Plt. figure(1,figsize=(12,12))for I in range(4): with SNS. Axes_style (axes_style[I]):#

Sns.set_context (context[I]) # set the default context style to notebook

PLT. Subplot (2, 2, I + 1)

 plt.title(str(var[i])+ ‘ in Iris species’) 

 sns.violinplot(x=’species’,y=var[i],data=iris) 

 plt.show()



Violinplot used Kernel Density Estimate to better describe the distribution of quantitative variables.

At the same time, Swarmplot and Boxplot or Violinplot can also be combined to describe Quantitative variables. The iris data set is shown as follows:

context= [‘notebook’,’paper’,’talk’,’poster’] 

axes_style = [‘ticks’,’white’,’whitegrid’, ‘dark’] 

Plt. figure(1,figsize=(12,12))for I in range(4): with

Sns.axes_style (axes_style[I]):# set axes_style sns.set_context(context[I]

PLT. Subplot (2, 2, I + 1)

 plt.title(str(var[i])+ ‘ in Iris species’) 

 sns.swarmplot(x=’species’, y=var[i], data=iris, color=”w”, alpha=.5) 

sns.violinplot(x=’species’, y=var[i], data=iris, inner=None) if i%2 ==0 \ else sns.boxplot(x=’species’, y=var[i], Data =iris) # swarmPlot + Violinplot and swarmPlot + boxplot

 plt.show()



Barplot

Barplot is mainly the average value of Quantitative variables in classification, and Boostrapping algorithm is used to calculate the confidence interval and Error bar of the estimated value. Using iris data sets.

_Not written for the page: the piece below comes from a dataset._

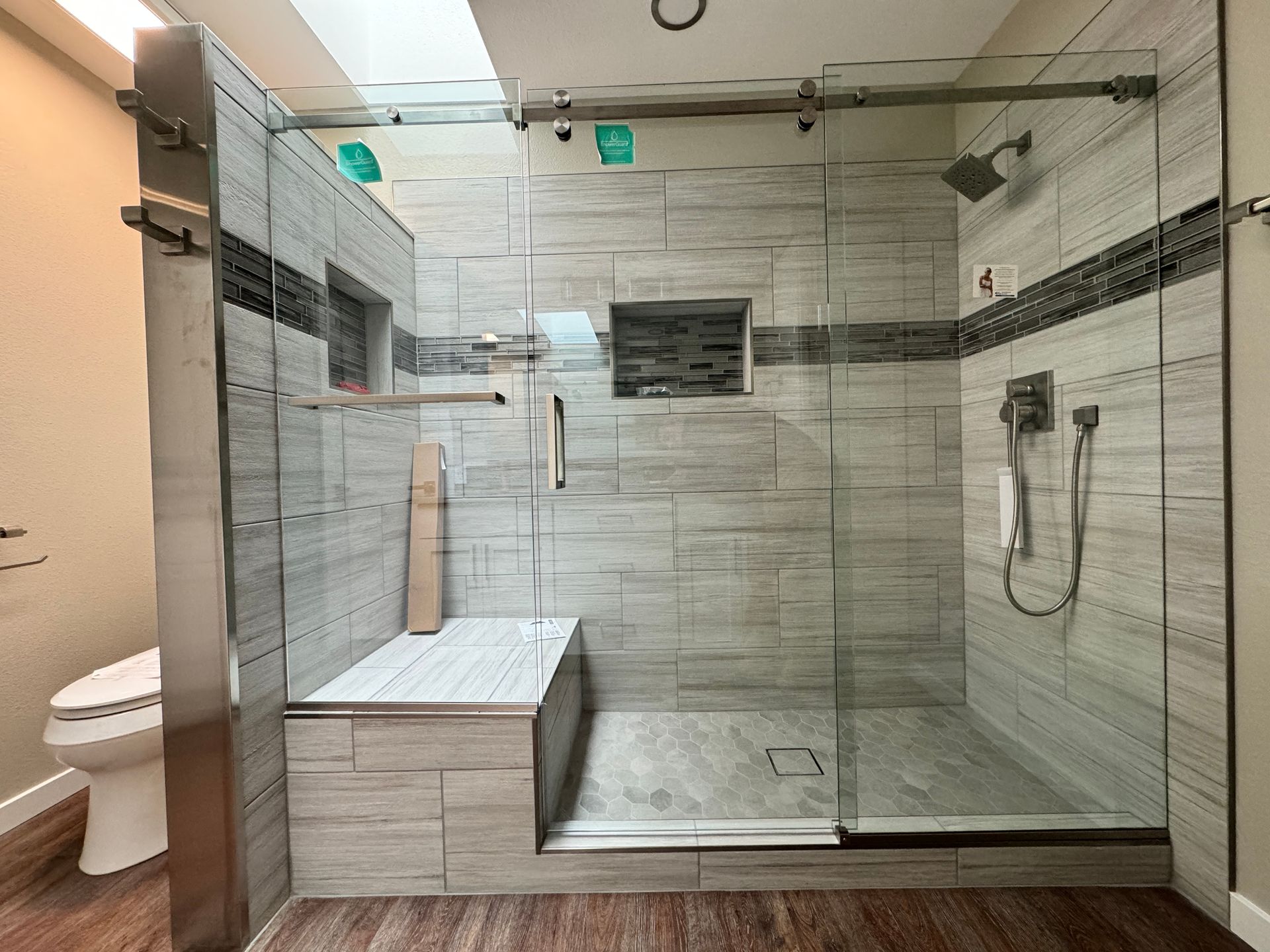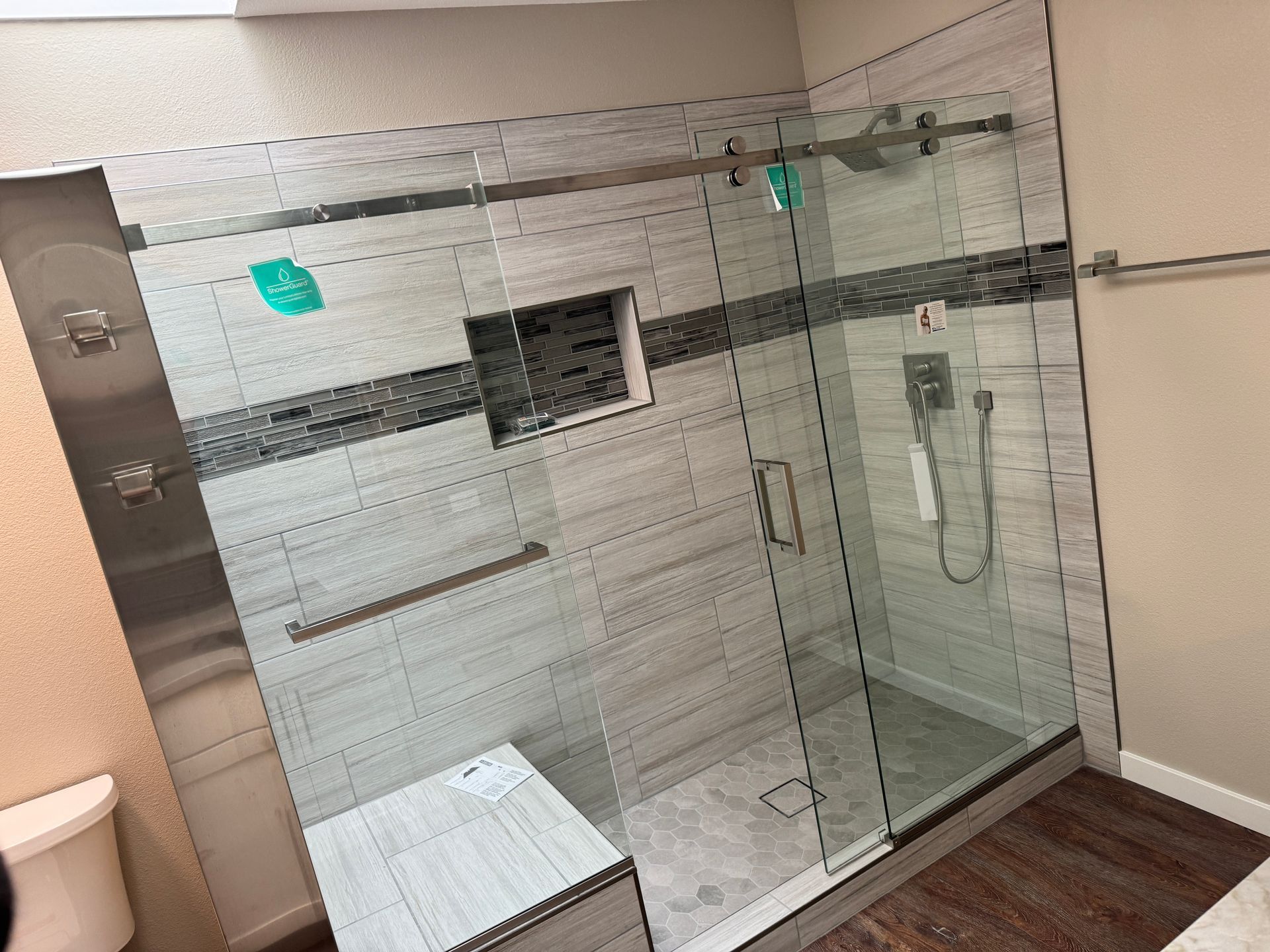 Alternatively, choose ShowerGuard glass from Guardian Glass, also backed by a lifetime warranty. ShowerGuard is baked into the glass and is a superior product that will add about 10-15% material cost to the glass only.
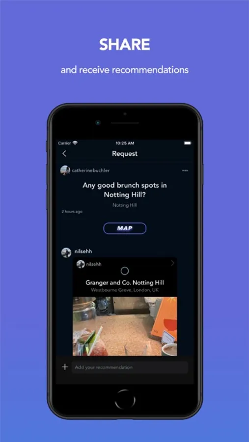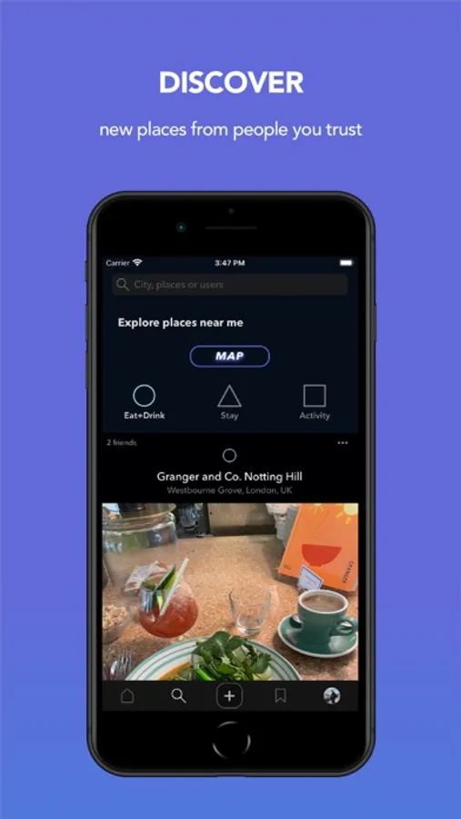 We want to make it easier for you to discover, store and share your favourite places in your local community or around the world. The app is built for use amongst friends - who’s taste you know and trust. On the app you can add all your favourite spots from your own photos and videos, create curated collections of anything from restaurants to record shops, and view all your places on a map. You can also save places you find on the app to make sure you never run out of spots for your bucket list! Use the app to ask for recommendations and to share your own. We hope you enjoy!

Plt. figure(1,figsize=(12,12))for I in range(4): with SNS. Axes_style (axes_style[I]):#

Subplot (2,2, I +1) ssn.set_context (context[I]) # set context style (default: notebook)

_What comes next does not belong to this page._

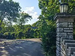 The entrance to the neighborhood is marked by stone pillars topped with lights, as well as a stone pavilion which served as a waiting area for the streetcar that formerly ran down Wydown Boulevard.[2] The neighborhood's street is laid out in a large oval shape that contains common areas jointly owned by the residents. Of the 23 homes in the neighborhood, 15 were designed by the architecture firm Maritz & Young in styles including Colonial Revival, Georgian Revival, and Tudor Revival.[2]
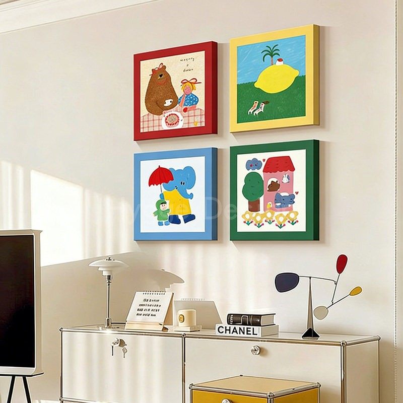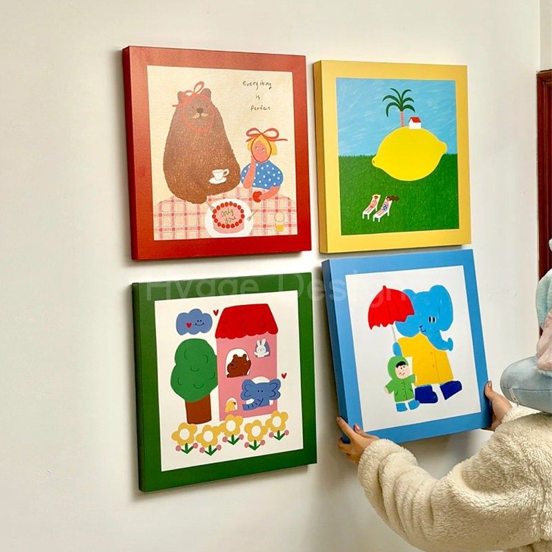 多巴胺客厅装 饰画中古彩色包豪斯卧室大白墙趣味卡通玄关组合挂画

 plt.title(str(var[i])+ ‘ in Iris species’) sns.barplot(x=’species’,y=var[i],data=iris) 

plt.show()



Countplot

If you want to know how many observations there are under each category, you can use Countplot, which is equivalent to an Observation count, as shown in the iris data set below:

Plt.figure (figsize=(5,5)) sns.countplot(y=”species”, data=iris) # set y=’species’ and place countplot horizontal

plt.title(‘Iris species count’) 

plt.show()



Pointplot

Pointplot is a horizontal extension of Barplot. On the one hand, Barplot is presented with a Point Estimate and Confidence Level. Pointplot, on the other hand, makes it easy to see how different sub-categories relate to each major Category when there are sub-categories that are more subdivided under each major Category. The display is as follows:

Plt. figure(1,figsize=(12,12))for I in range(4): with SNS. Axes_style (axes_style[I]):#

Subplot (2,2, I +1) ssn.set_context (context[I]) # set context style (default: notebook)

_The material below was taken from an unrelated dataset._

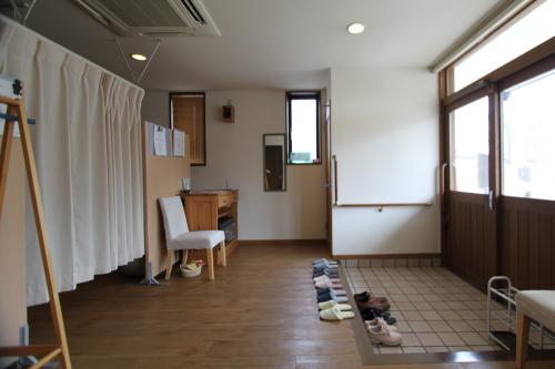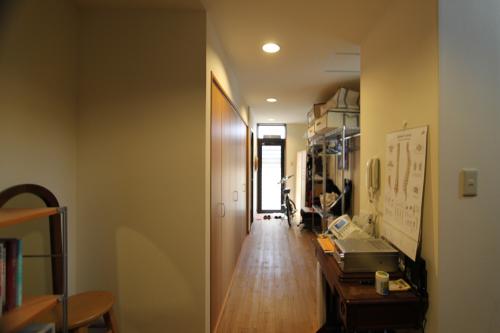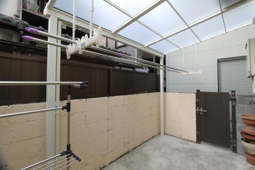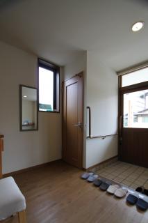 | 工事内容 | ?@以前はアコーディオンで仕切られていたのですが、今回は建具を付けました。鍵と灯りを取り付け利用しやすくしました。 ?A以前の玄関タイルは建物の中でスロープになっており、靴が脱ぎ難かったので、建物の中はフラットにし、建物の外にスロープを作りました。 ?Bポッカリと空いたスペースに壁を大工さんに作ってもらいそこにクローゼットを作りました。中はオーダーでパイプハンガーを付けたり、引き出しを付けたり収納がたくさん出来る様に仕上げました。 ?C洗濯物を家の裏で干されていたのですが、屋根がない為に雨の日は干せませんでした。テラスを取り付け、いつでも干せるようにしました。色はホワイトを選んで頂き明るいテラスになりました。 |
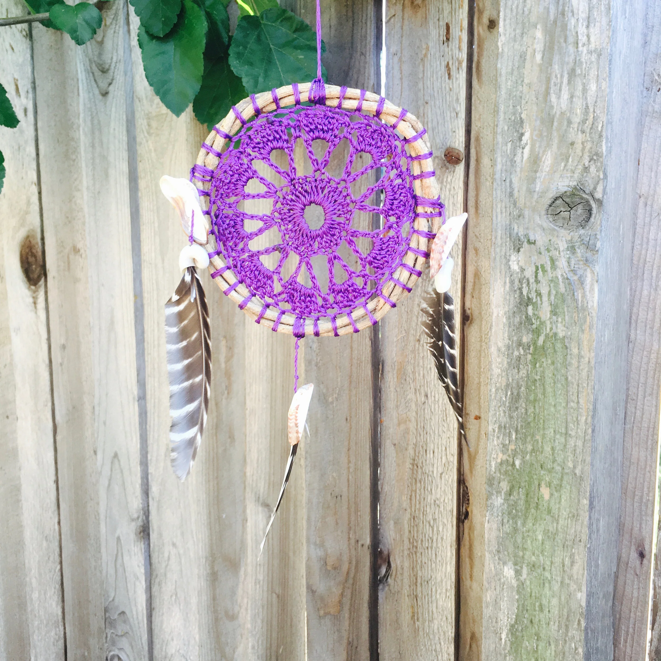 Handmade Crochet Mayan Dream Catcher Vibrant Purple with Shells and Feathers ||| Mexican Folk Art ||| Home Decor

 plt.title(str(var[i])+ ‘ in Iris species’) sns.pointplot(x=’species’,y=var[i],data=iris) 

plt.show()



Factorplot

Factorplot can be said to be the essence of Seaborn to do Category Visualization. All the plots mentioned above can be said to be the concrete demonstration of Factorplot. We can use PariGrid to visualize the numerical features of multiple categories using the same Plot.

sns.set(style=”ticks”) g = sns.PairGrid(iris, x_vars = [‘sepal_length’,’sepal_width’,’petal_length’,’petal_width’], Y_vars =’ species’, aspect=0.75,size=4) # Set spacing and image size g.map. (SNS. Violinplot, Palette =’pastel’)

plt.show()



In this data set, Quantitative variables mainly include Area of housing, unit Price per square meter, and total housing Price Tprice.


Kesci.com is an online community for data talents and industry problems. The k-Lab online data analysis and collaboration platform focuses on creating a brand new experience for data workers’ study and work.